Retour sur les conditions d’application de l’article 1387-1 du Code civil

Publié le 29/10/2018

Du fait de son laconisme et son imprécision, l’article 1387-1 du Code civil qui permet au juge, en cas de divorce, de transférer la charge exclusive du passif de l’entreprise sur la tête du conjoint qui conserve le patrimoine professionnel n’a pas fini d’interroger quant à son domaine d’application et ses effets.

Jusqu’alors seules les juridictions du fond avaient eu à connaître du contentieux généré par ce texte. La Cour de cassation vient de rendre le premier arrêt sur le fondement de l’article 1387-1 du Code civil ; lequel permet de revenir sur ses conditions d’application.

Cass. com., 5 sept. 2018, no 17-23120, FS–PB

La loi du 2 août 2005 sur les petites et moyennes entreprises1 a introduit dans le Code civil un article 1387-1 selon lequel « lorsque le divorce est prononcé, si des dettes ou sûretés ont été consenties par les époux solidairement ou séparément, dans le cadre de la gestion d’une entreprise, le tribunal de grande instance peut décider d’en faire supporter la charge exclusive au conjoint qui conserve le patrimoine professionnel ou, à défaut, la qualification professionnelle ayant servi de fondement à l’entreprise ».

Ce texte, né à la faveur d’un amendement au titre III de la loi de 2005 consacré au conjoint collaborateur, salarié ou associé, a fait l’objet de virulentes critiques. On l’a accusé de porter atteinte au principe de la force obligatoire des contrats, de bouleverser les règles de liquidation des régimes matrimoniaux, d’attenter au crédit des entreprises, voire d’être inefficace pour protéger le conjoint du chef d’entreprise2. À tel point que certains ont même souhaité son abrogation3.

Quoi qu’il en soit, 13 ans après, la Cour de cassation vient de rendre le premier arrêt fondé sur l’article 1387-1 qui est toujours présent dans le Code civil en tête des dispositions générales du titre V, relatif au contrat de mariage et aux régimes matrimoniaux.

Il s’agit sans doute du premier d’une longue série car il faut bien le reconnaître, la piètre qualité rédactionnelle du texte empêche une interprétation unanime.

D’abord, la doctrine s’est divisée sur la question de ses effets.
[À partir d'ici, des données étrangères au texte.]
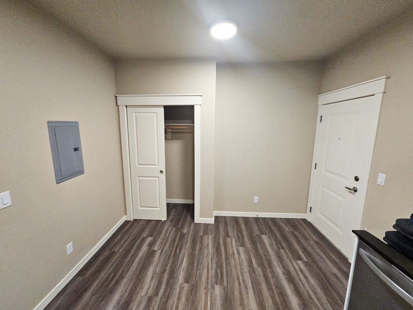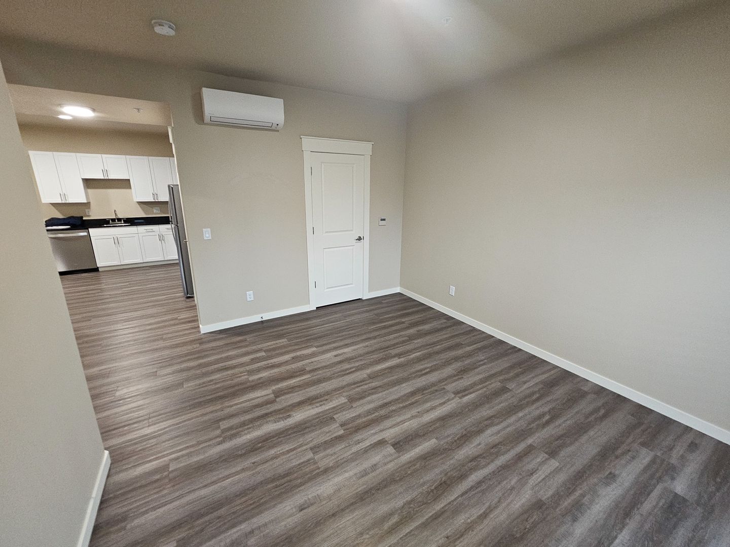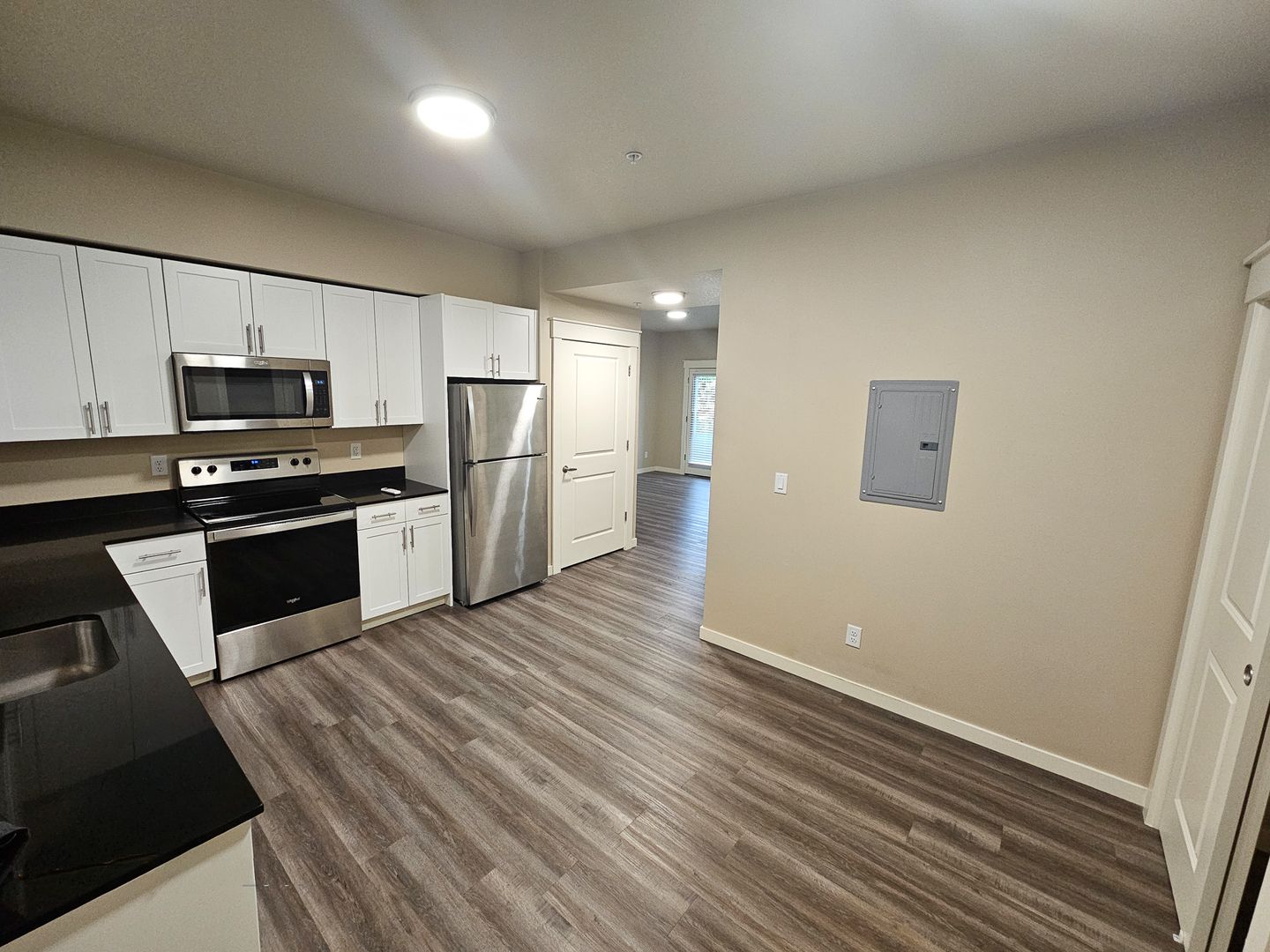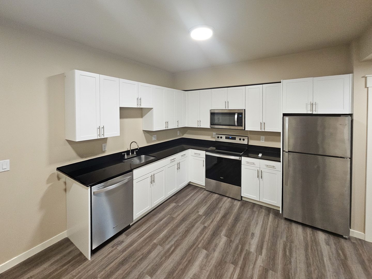 This third floor unit features a welcoming kitchen equipped with stainless steel appliances, including a refrigerator, stove/oven, dishwasher, and microwave. Throughout the apartment, you'll find beautiful finishes such as granite counters, sleek cabinetry, and hardwood-style plank floors. Additionally, our spacious floor plan offers great room living and dining, energy-efficient in-wall heating, and Energy Star-rated appliances. Each unit also includes a full-size stackable washer/dryer and a patio or deck to extend your living space outdoors.

Deux thèses peuvent être soutenues. Soit le texte concerne l’obligation aux dettes, soit il affecte seulement la contribution à la dette.

D’une part, on pourrait effectivement considérer que l’article 1387-1 du Code civil autorise le juge à libérer le conjoint divorcé du chef d’entreprise du passif de l’entreprise. Cela n’est pas sans rappeler l’article 1415 du Code civil en matière de cautionnement ou de dettes d’emprunt contractés par un conjoint sans le consentement de l’autre, qui prévoit alors que seuls les biens de celui qui a contracté sont engagés vis-à-vis des créanciers. Ce qui modifie bien l’obligation à la dette4. En outre, si le texte n’était qu’une dérogation aux règles de la liquidation des régimes matrimoniaux dans la répartition de la charge de la dette entre époux, il aurait dû figurer après l’article 1490 du Code civil5 et non pas en tête des dispositions générales sur les régimes matrimoniaux.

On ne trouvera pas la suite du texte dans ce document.